◆ What the task requires ◆
Every line of the data below is to be duplicated exactly, pictures excepted.

◆ Extracted data ◆

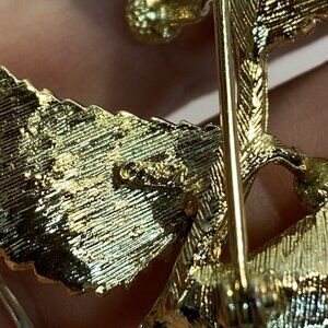 This vintage Coro leaf brooch features a sophisticated brushed gold tone, highlighting its autumn-inspired design. Perfect for adding a touch of elegance to any outfit, its folded structure creates a three-dimensional effect.
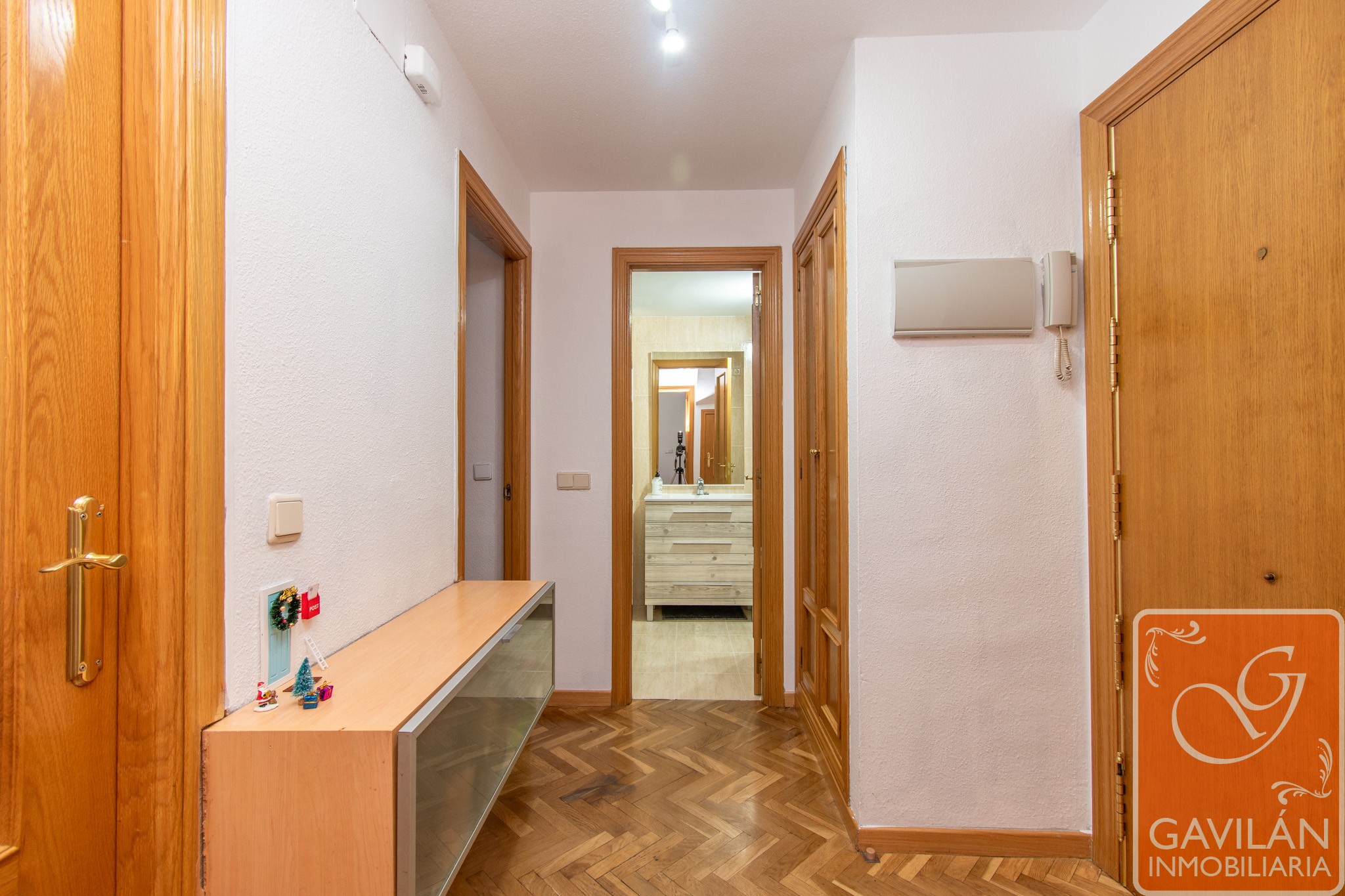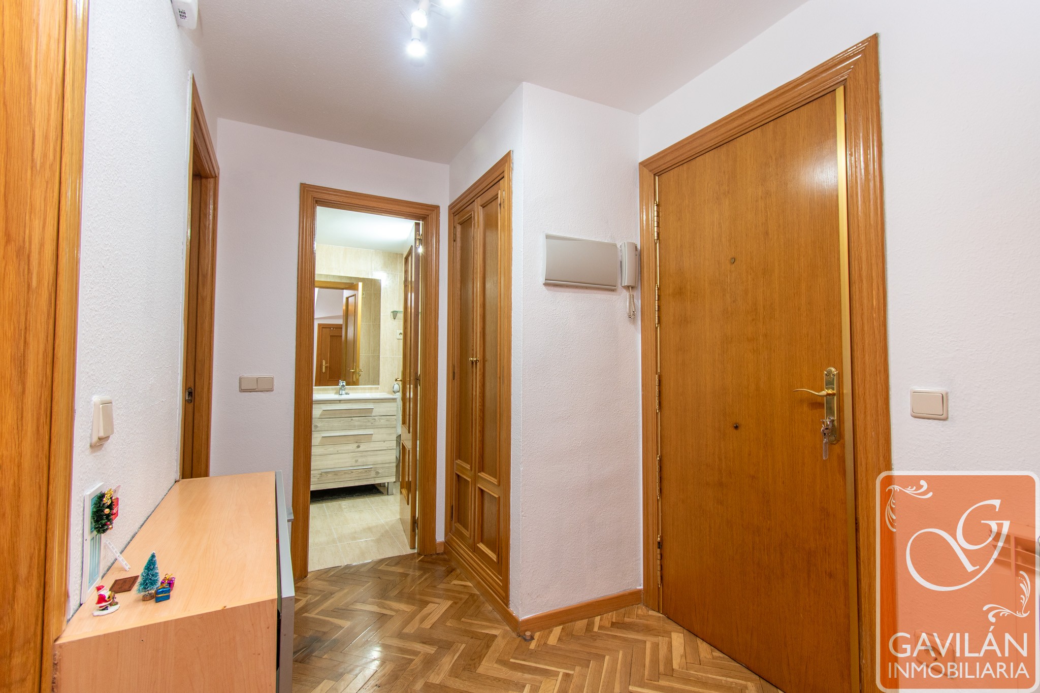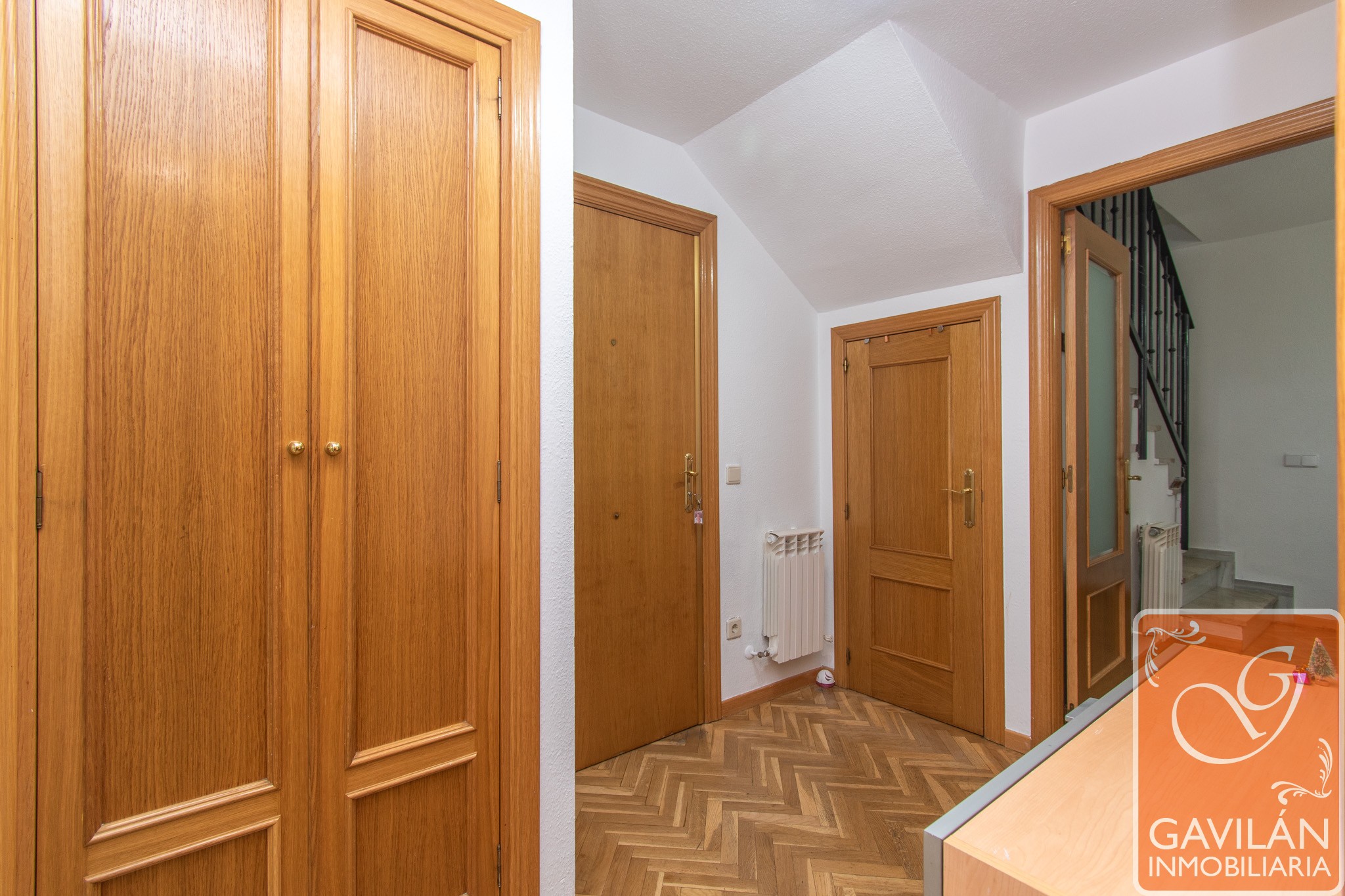 Cómodo Hall equipado con un armario empotrado de dos cuerpos, otro armario bajo la escalera ideal para almacenaje, puerta blindada y portero automático.
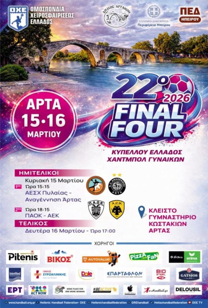 Το 22ο Final Four Κυπέλλου Ελλάδος Χάντμπολ Γυναικών, θα φιλοξενήσει η Άρτα για δύο ημέρες, Κυριακή 15 και Δευτέρα 16 Μαρτίου 2026.
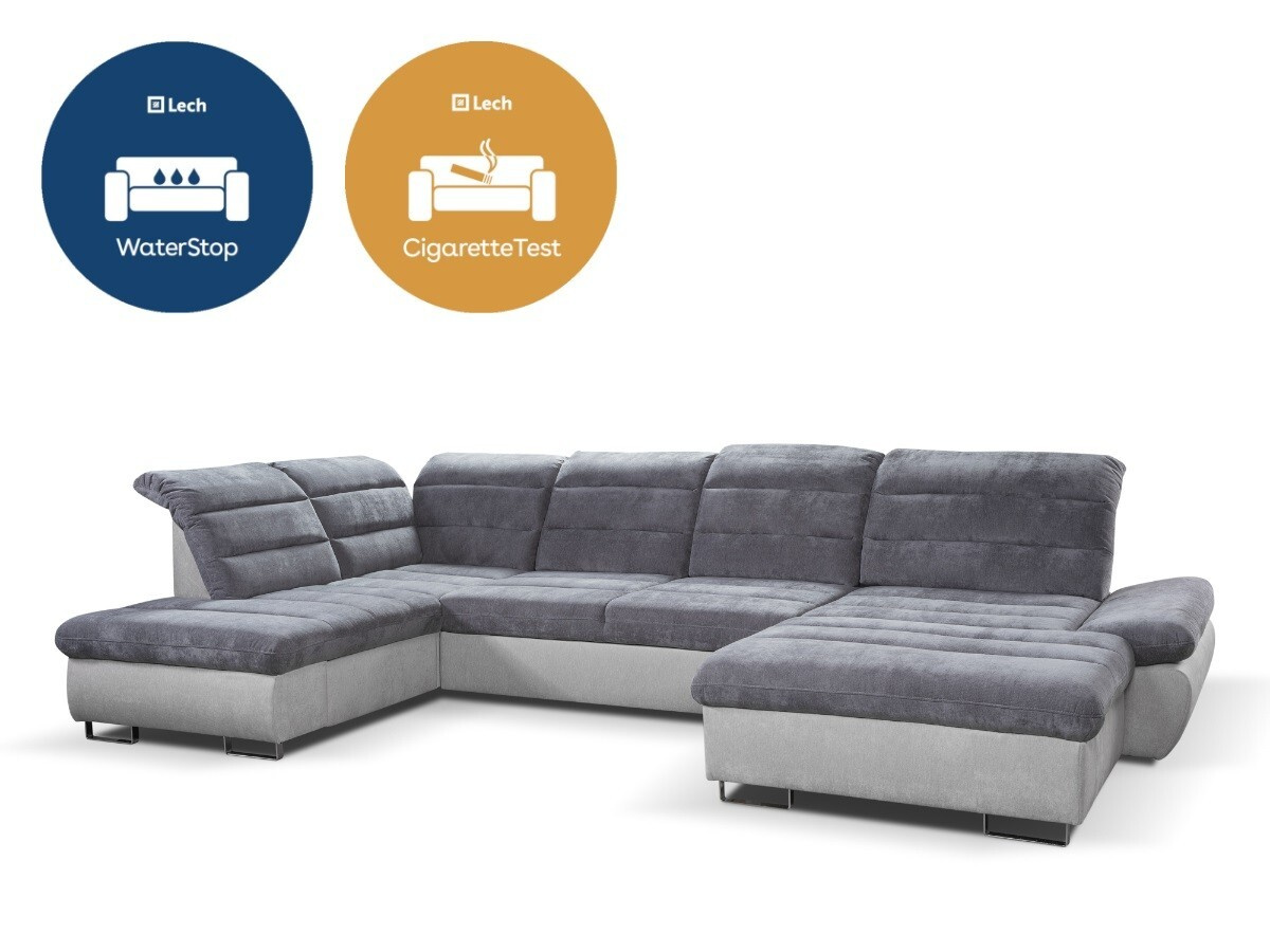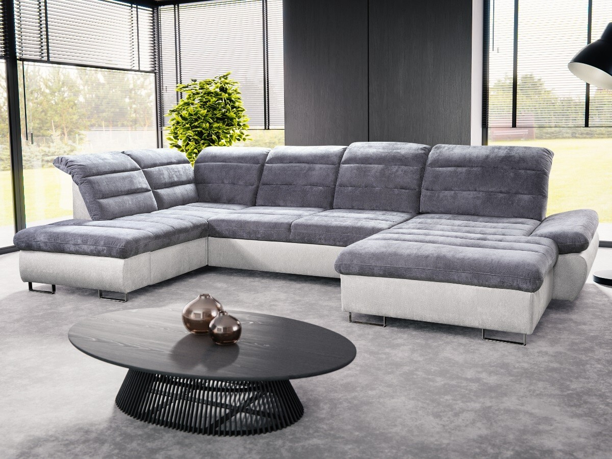 Komfortní sedací souprava do U ATHENA, velmi pohodlná jak na spaní, tak sezení. Sedačka má nastavitelné područky, opěrky hlavy i zad. Výška sedáku je 43 cm. Stavitelná hloubka sedáku je 75 cm s vysunutou opěrkou zad je hloubka 50 cm. Sedák je vyroben z vlnité pružiny a PUR pěny, což zaručuje pohodlné sezení. Sedací souprava je rozkládací s úložným prostorem - 2x zásuvka. Po rozložení získáte plochu na spaní o rozměrech 140 x 288 cm.
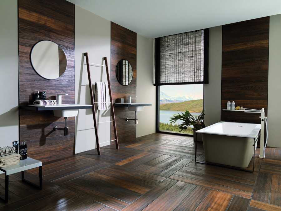 - В небольших помещениях лучше всего использовать светлую плитку — с текстурой сосны, березы, светлого ореха или ясеня. Это расширяет пространство. Если же Вы непременно хотите сделать пол темным, то позаботьтесь о том, чтобы светлыми остались стены, мебель и аксессуары. Иначе говоря, пусть темный пол будет акцентом, а не подавляющим элементом. Подробнее: Керамическая плитка для ванной — обзор.

◆ Output ◆
 This vintage Coro leaf brooch features a sophisticated brushed gold tone, highlighting its autumn-inspired design. Perfect for adding a touch of elegance to any outfit, its folded structure creates a three-dimensional effect.
 Cómodo Hall equipado con un armario empotrado de dos cuerpos, otro armario bajo la escalera ideal para almacenaje, puerta blindada y portero automático.
 Το 22ο Final Four Κυπέλλου Ελλάδος Χάντμπολ Γυναικών, θα φιλοξενήσει η Άρτα για δύο ημέρες, Κυριακή 15 και Δευτέρα 16 Μαρτίου 2026.
 Komfortní sedací souprava do U ATHENA, velmi pohodlná jak na spaní, tak sezení. Sedačka má nastavitelné područky, opěrky hlavy i zad. Výška sedáku je 43 cm. Stavitelná hloubka sedáku je 75 cm s vysunutou opěrkou zad je hloubka 50 cm. Sedák je vyroben z vlnité pružiny a PUR pěny, což zaručuje pohodlné sezení. Sedací souprava je rozkládací s úložným prostorem - 2x zásuvka. Po rozložení získáte plochu na spaní o rozměrech 140 x 288 cm.
 - В небольших помещениях лучше всего использовать светлую плитку — с текстурой сосны, березы, светлого ореха или ясеня. Это расширяет пространство. Если же Вы непременно хотите сделать пол темным, то позаботьтесь о том, чтобы светлыми остались стены, мебель и аксессуары. Иначе говоря, пусть темный пол будет акцентом, а не подавляющим элементом. Подробнее: Керамическая плитка для ванной — обзор.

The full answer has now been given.